Numerous methods have been proposed for the preparation of diaphragms of deposited asbestos consolidated by a polymer, and the typical method comprises the step of suspending asbestos fibers and an electrolyte-resistant solid polymer having powder or fiber form in an aqueous suspension medium, the step of depositing the asbestos fibers and the polymer on a metal screen cathode by means of filtration, and the step of heating the depositing layer of asbestos fibers containing the solid polymer at a temperature above the melting point of the polymer. The heating step is required to bind together the asbestos fibers with the melted polymer to result in the consolidation of the diaphragm.

As an improved method of consolidating diaphragms of deposited asbestos with a polymer, a method of employing an emulsion of an electrolyte-resistant polymer is proposed. When the deposited layer of asbestos fibers containing the polymer in a form of dispersed phase is dried to remove the suspension medium, the polymer becomes an adhesive to bind the asbestos fibers. Since the drying step is generally effected at room temperature or a temperature below 100.degree. C., the step is remarkably meritorious when compared with the heating step usually conducted at such high temperatures as 300.degree.-400.degree. C.

In order to achieve an effective consolidation of asbestos diaphragms with a polymer emulsion, it is necessary to make the polymer emulsion disperse homogeneously in the slurry of asbestos fibers and further make the polymer distribute uniformly in the asbestos fibers deposited on a metal screen cathode, since the polymer in the asbestos fibers does not flow during the drying step utterly different from the heating step.
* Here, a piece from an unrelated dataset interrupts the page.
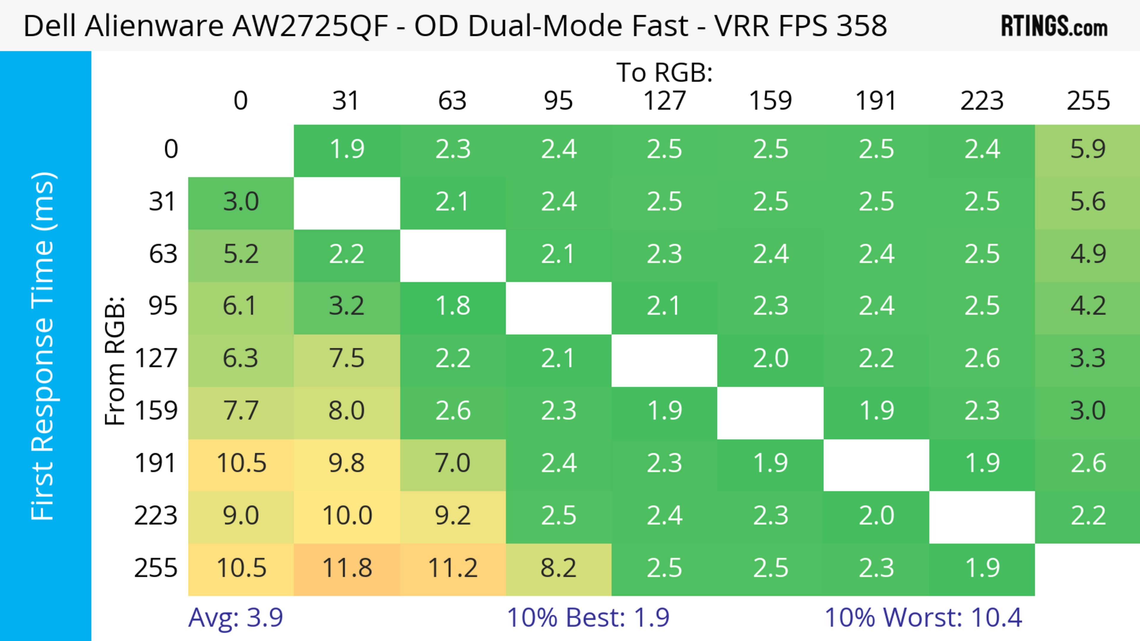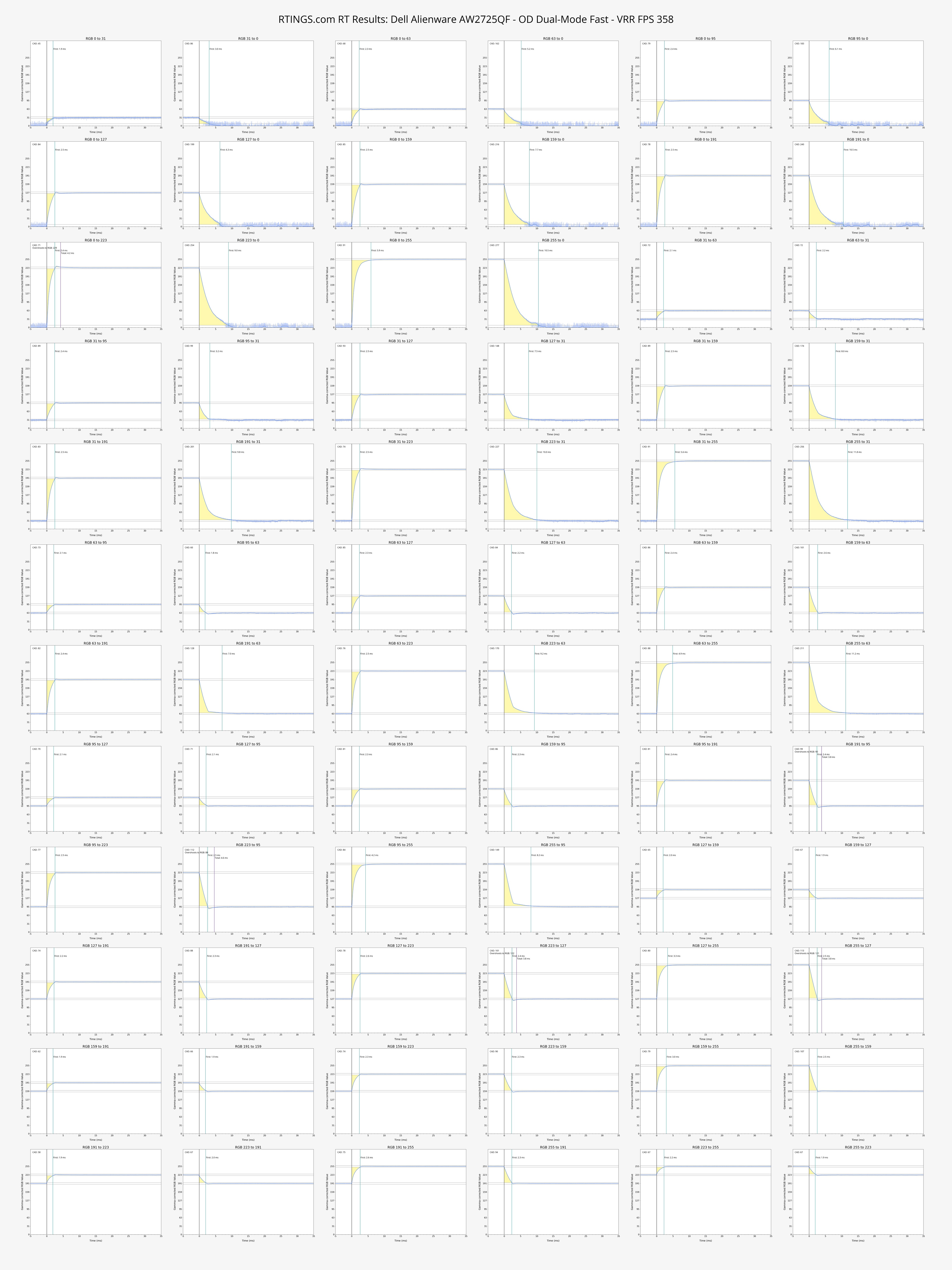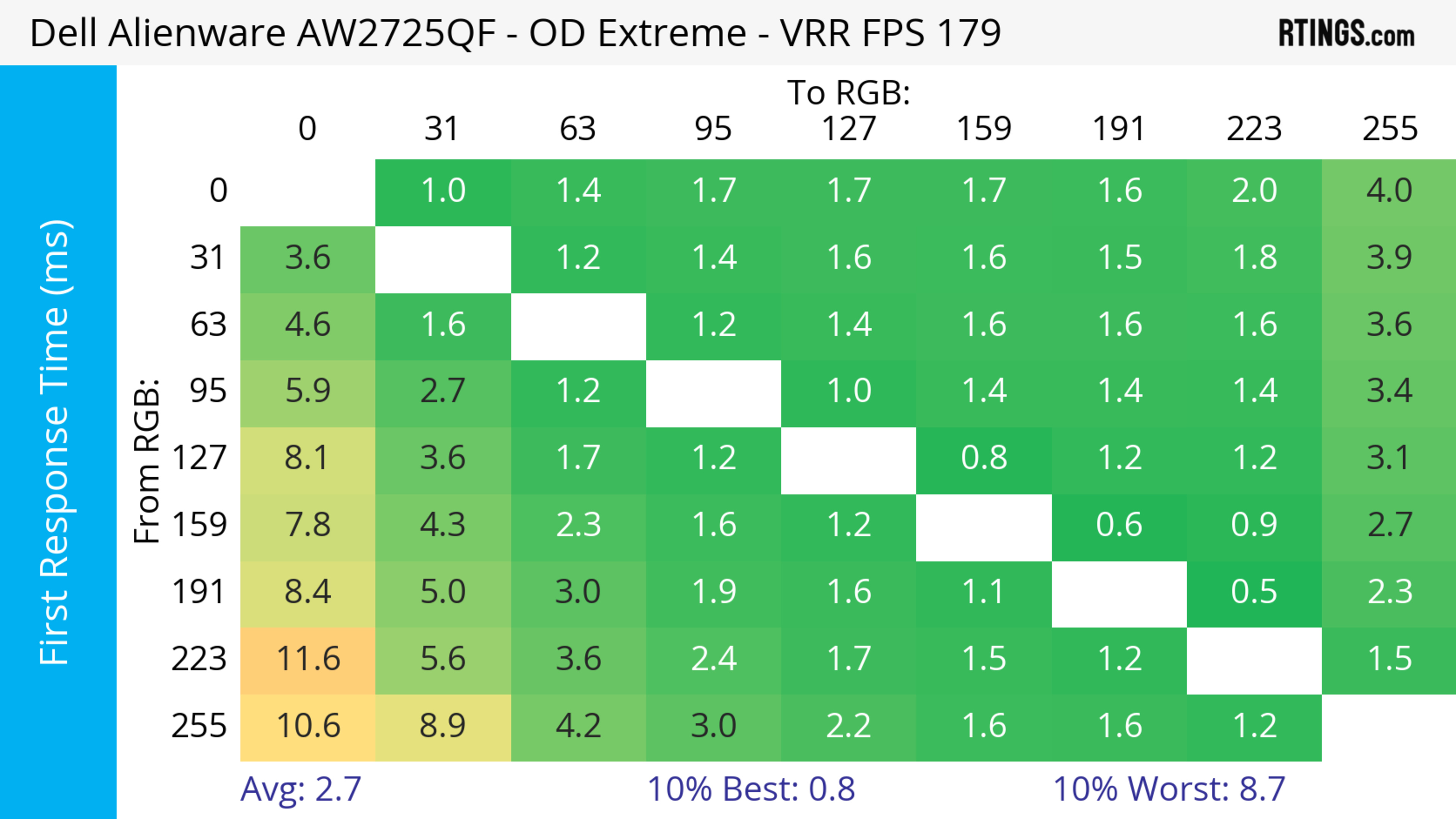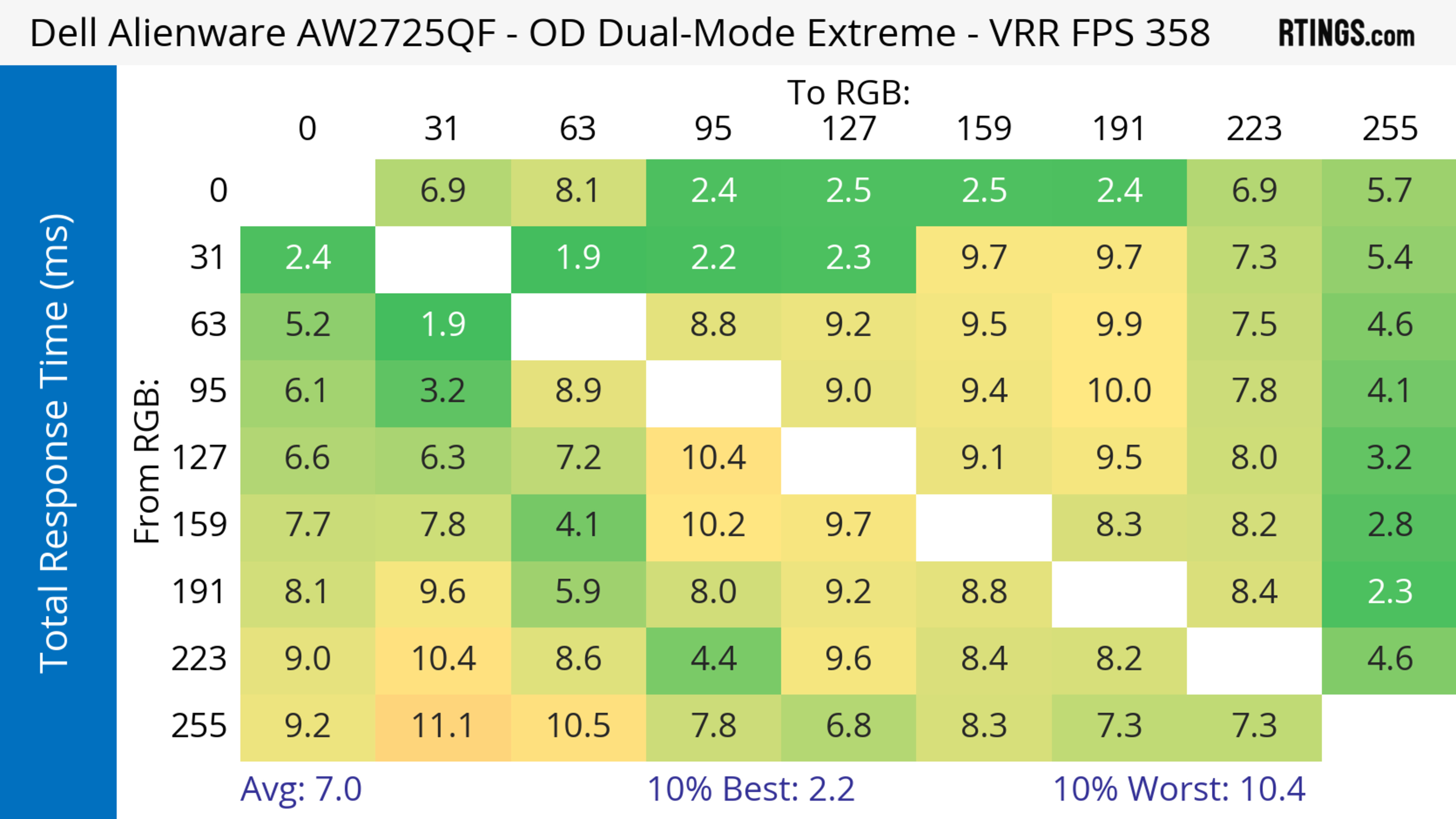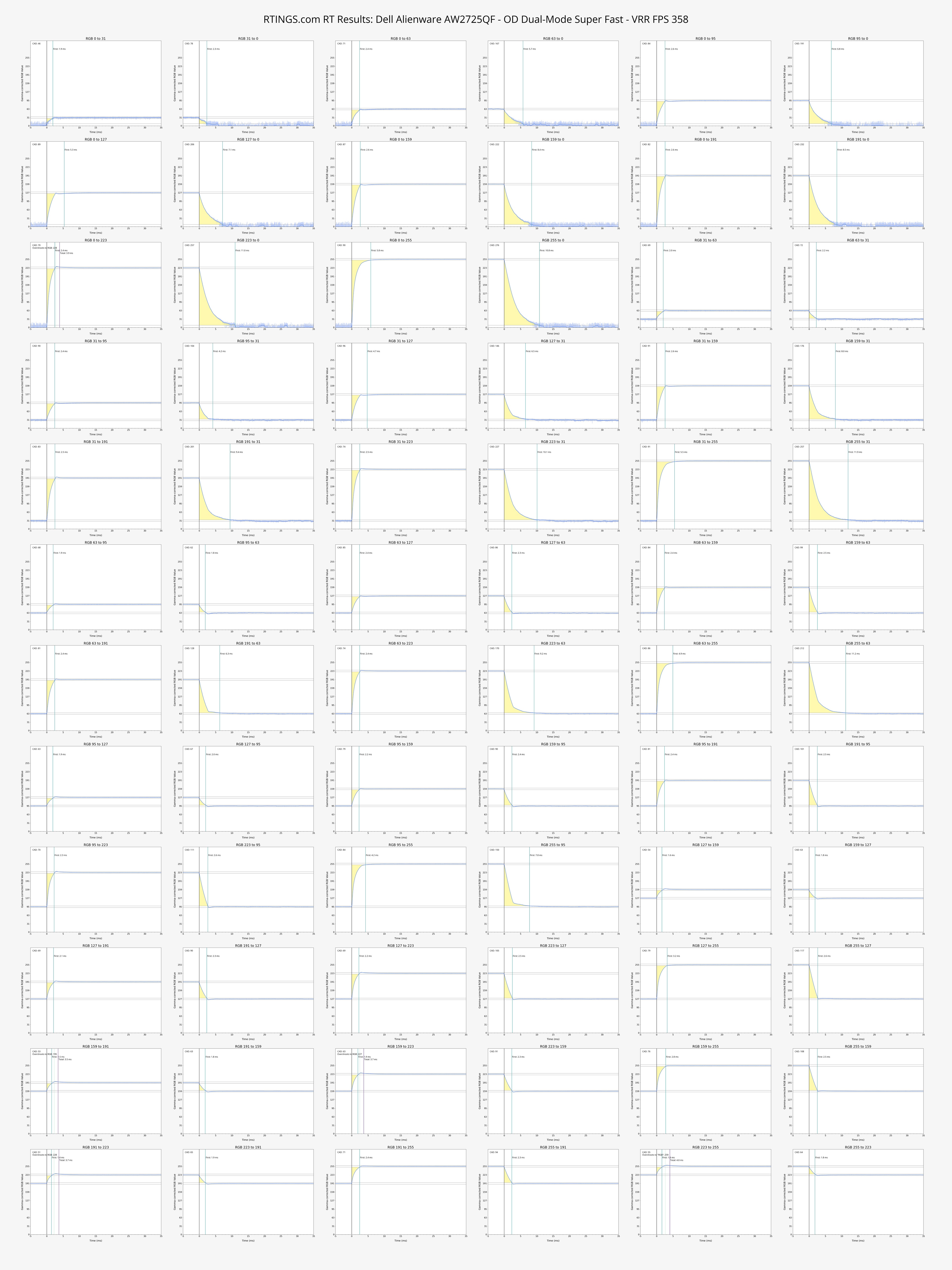 The Dell AW2725QF has low input lag for a responsive feel. These results are in the 4k Dual-Resolution mode, and the results are the same in the 1080p Dual-Resolution mode. The input lag at 360Hz is 2.6 ms.

In the commercial operation of the electrolysis, the most widely used suspension medium of asbestos fibers is an aqueous solution of alkali hydroxide. Since a polymer emulsion tends to coagulate in an alkaline water, it is difficult to obtain a homogeneous suspension of asbestos fibers containing a uniformly dispersed polymer emulsion in so far as an alkaline water is used as the suspension medium of asbestos fibers. For overcoming the problem of consolidating the asbestos fibers with a polymer emulsion, a method is proposed in which the deposited asbestos fibers are first washed with water and then the alkali-free asbestos fibers are impregnated with a polymer emulsion. However, the method requires the additional steps of washing with water, and the impregnation.

SUMMARY OF THE INVENTION

It is therefore an object of the present invention to provide a novel and improved method of preparing diaphragms of deposited asbestos consolidated by the use of a polymer emulsion.

It is another object of this invention to provide a method of the type described, whereby said method is carried out with almost the same easiness as the method of preparing unconsolidated diaphragms of deposited asbestos.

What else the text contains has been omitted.